Work and Depth Complexity:
- Work (W): Total number of operations performed
- Depth (D): Length of the longest dependency chain
- Parallelism: P = W/D represents the maximum theoretical speedup
Key Design Considerations:
- Data Locality: Minimize memory traffic through cache-friendly access patterns
- Load Balance: Distribute work evenly across processing elements
- Communication: Minimize inter-thread communication and synchronization
- Scalability: Ensure algorithms scale efficiently with problem size and core count
GPU-Specific Considerations:
- Memory Hierarchy: Leverage shared memory, registers, and cache effectively
- Thread Divergence: Minimize branching within warps/wavefronts
- Occupancy: Balance resource usage to maximize concurrent threads
- Memory Coalescing: Ensure efficient memory access patterns
Convolution is a fundamental operation in signal processing and computer vision:
1D Discrete Convolution:
(f * g)[n] = Σ f[m] * g[n - m]
m
2D Discrete Convolution:
(f * g)[x,y] = ΣΣ f[i,j] * g[x - i, y - j]
i j
Complexity: O(N * M) for 1D, O(N² * M²) for 2D
- Simple implementation with nested loops
- Good for small kernels (M < 16)
- Memory-bound for large inputs
Complexity: O(N² * M) for 2D separable kernels
- Decomposes 2D kernel into 1D operations
- Reduces complexity from O(N² * M²) to O(N² * M)

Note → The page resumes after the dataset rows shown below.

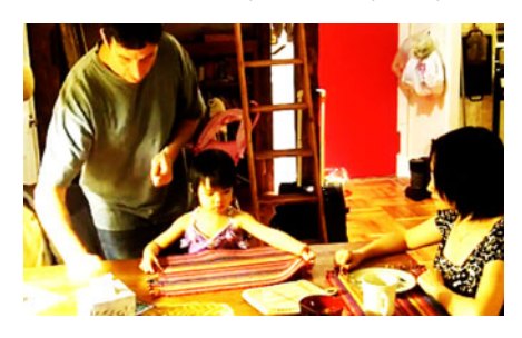
FIGURE 5. Extract 3 line 19

no one would talk to you that way. okay?=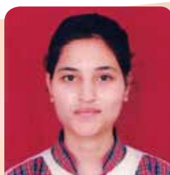
Shivani Music 89, Painting 99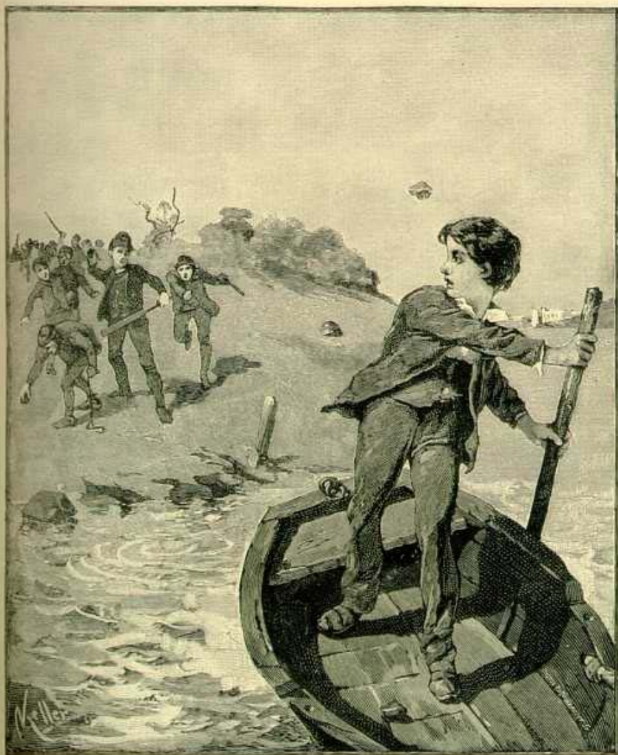
THE WAR BEGUN.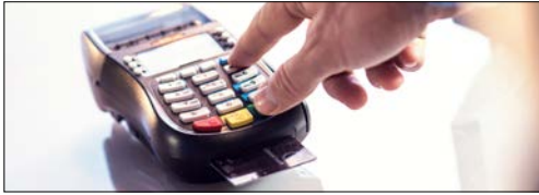
Point of sale (POS)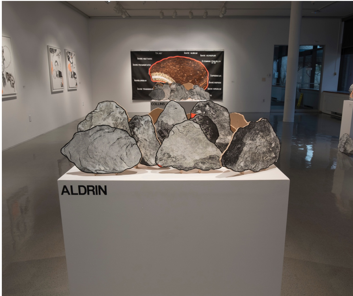
Figure 5: Michael Pennekamp, Lunar Samples (Aldrin) , Dimensions Variable, Silkscreen, Acrylic Paint, India Ink, Graphite, Phosphorescent Paint on MDF, 2017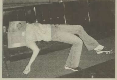
8: Study all night and sleep through finals.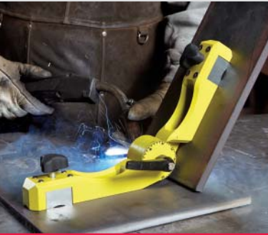
Pivot range for angles from 22 to 270 degrees.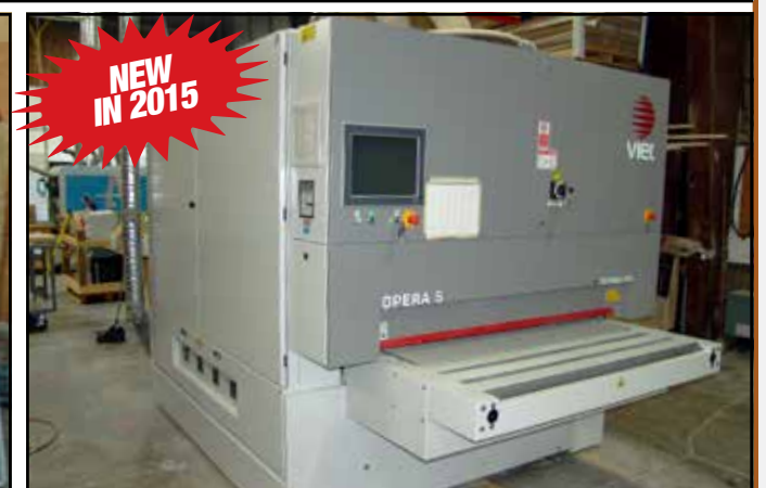
2014 BIESSE VIET 4 HEAD SANDER

Another Auction With Integrity By Tradewest Asset Solutions Inc.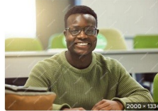
Premium Photo | Black man student and portrait in ...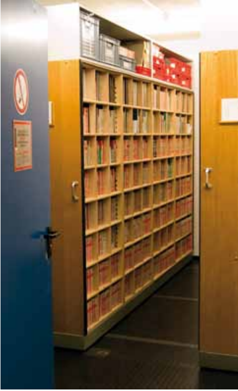
Storage system for original audio tapes in the Phonogrammarchiv.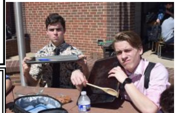
Senior ASSASSIN game.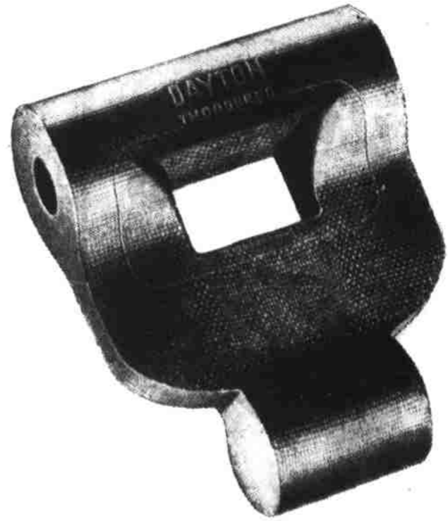
In nearby Southern mills like this there are being woven today—with the help of Dayton Pickers and loom supplies, fabrics used in a thousand ways on the home and fighting fronts.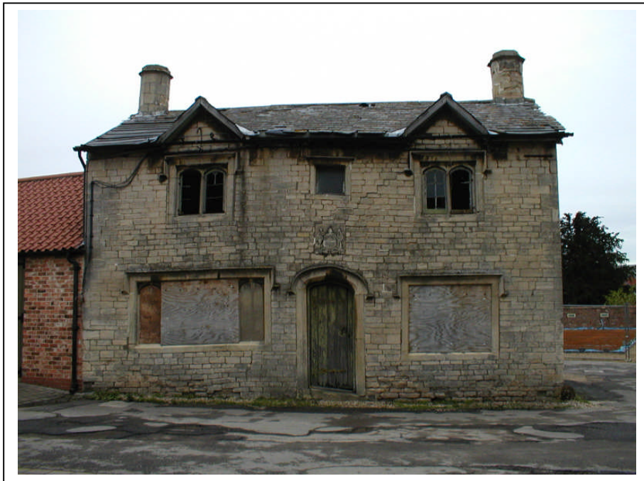
Navigation House, Sleaford

The elaborate building known as Navigation House, built in 1838 for the Sleaford Navigation Company, was designed to house the weighing office and the clerks dwelling. As such it played a key role in the history of the Slea in its heyday and continues to do so today as one of the only surviving examples of this type of building in the country. The first phase of restoration work should start before the end of June and is expected to take about six months. Beyond that the interior will be turned into a visitor centre and museum. The work forms part of the Sleaford Pride project and has attracted funding from the Heritage Lottery, North Kesteven District Council, the Single Regeneration Budget and East Midland Development Agency.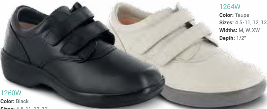
1260W Color: Black Sizes: 4.5-11, 12, 13 Widths: M, W, XW Depth: 1/2"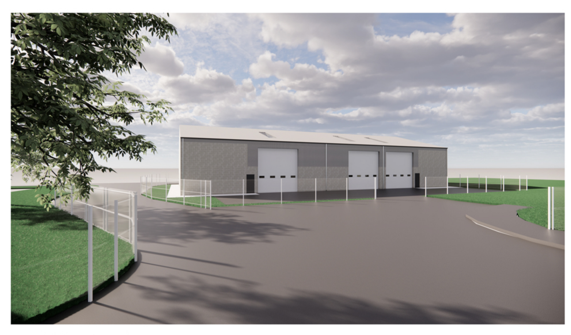
Proposed Shed - View from North East Scale NTS @ A2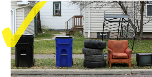
All waste/garbage in carts Bulk items separated Yard waste bundled

*As shown, 1st full week of month (tires/bulk)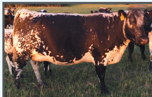
DAM: SPOTS 'N SPROUTS 10X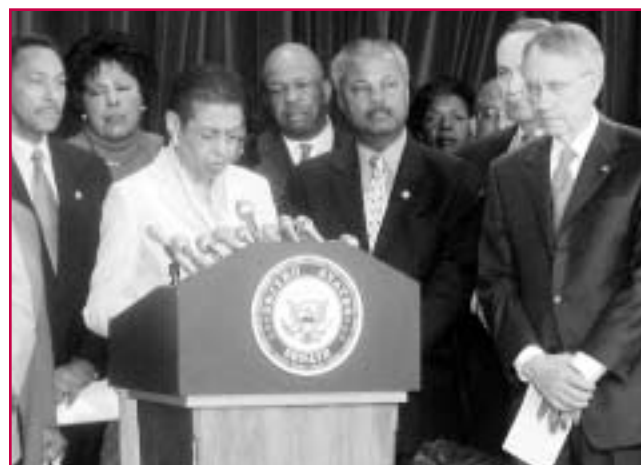
Norton speaks at a Senate news conference about her opposition to the judicial nominations with Black Members and Senate Minority Leader Harry Reid.

A s Congressional Black Caucus Chair for Judicial Nominations, Norton led the CBC effort in Congress against California Supreme Court Justice Janice Rogers Brown and former Alabama Attorney General William Pryor. She said that these two were “wholly unacceptable because of their records on racial and ethnic discrimination and on federal laws and federal court rulings that have been responsible for the progress of Blacks and Hispanics in our country.” Justice Brown has rejected the civil rights remedies Congress has enacted and the courts have approved. Judge Pryor has been the country’s leading opponent of the 1965 Voting Rights Act.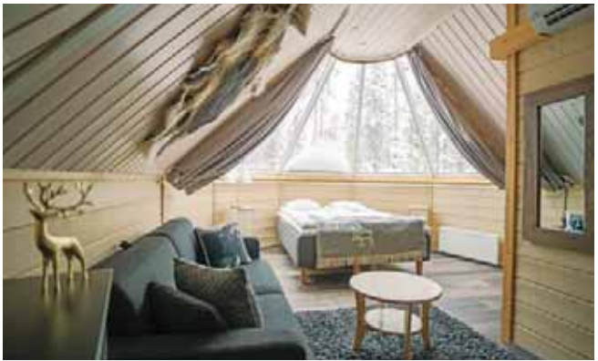
Northern Lights Village | Saariselkä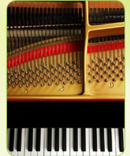
Residential high-end LifeStyle Collection

It is noteworthy that LAMBTON DOORS has set up a rigorous system of standardization and control of its manufacturing procedures, that we offer exclusively doors of maximum endurance since the frame is entirely bonded to the core, that our doors are perfectly calibrated and that we use only composite wood such as laminated wood fiber. This explains why all of our products are guaranteed for life, regardless of the door structure.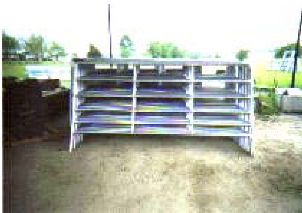
Another panel style with legs versus the skid style feet. Shown are the horizontal bar style panels. Panels available in lighter or heavier gauge.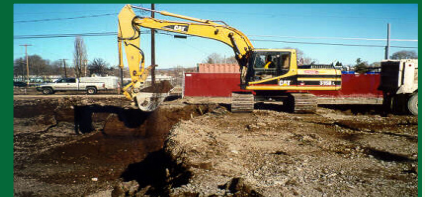
Workers clean up petroleum at a brownfields site in Prineville, Oregon.

Some cleanup activities at sites contaminated by petroleum are not subject to Davis-Bacon Act requirements. Such activities include site remediation through drilling temporary recovery wells, drawing out contaminated soil or water, treating the contaminated soil/water on site, removing the treatment technology and closing recovery wells, and restoration of the area surrounding tank removal that involves only filling and compaction of soil. However, the Davis-Bacon Act does apply to the following petroleum-related cleanup activities:

- Applicable when kernel is separable: K(x,y) = K₁(x) * K₂(y)
Complexity: O(N log N)
- Uses Fast Fourier Transform: F⁻¹(F(f) * F(g))
- Efficient for large kernels (M > 64)
- Requires complex arithmetic and additional memory
Memory Access Optimization:
- Shared Memory Tiling: Load data blocks into shared memory
- Halo Region Loading: Handle boundary conditions efficiently
- Coalesced Access: Ensure consecutive threads access consecutive memory
- Register Reuse: Maximize data reuse within thread registers
Boundary Condition Handling:
- Zero Padding: Extend input with zeros
- Reflection: Mirror boundary values
- Periodic: Wrap around boundaries
- Constant: Use fixed boundary value
Memory Bandwidth Requirements:
- Input bandwidth: N bytes/operation
- Output bandwidth: N bytes/operation
- Kernel bandwidth: M bytes (reused across operations)
- Total: 2N + M bytes per output element
Arithmetic Intensity:
- Operations per output: M multiply-add operations
- Bytes per output: 2N + M (assuming no reuse)
- AI = M / (2N + M) multiply-adds per byte
Optimization Goals:
- Maximize shared memory utilization
- Minimize global memory transactions
- Achieve high arithmetic intensity through data reuse
Stencil operations apply a fixed pattern of computation to each point in a grid:
General Form:
u'[i] = Σ c[j] * u[i + j]
j∈S
Where S is the stencil pattern and c[j] are coefficients.
Common Stencil Patterns:
- 3-point 1D: [-1, 0, 1] (first derivative approximation)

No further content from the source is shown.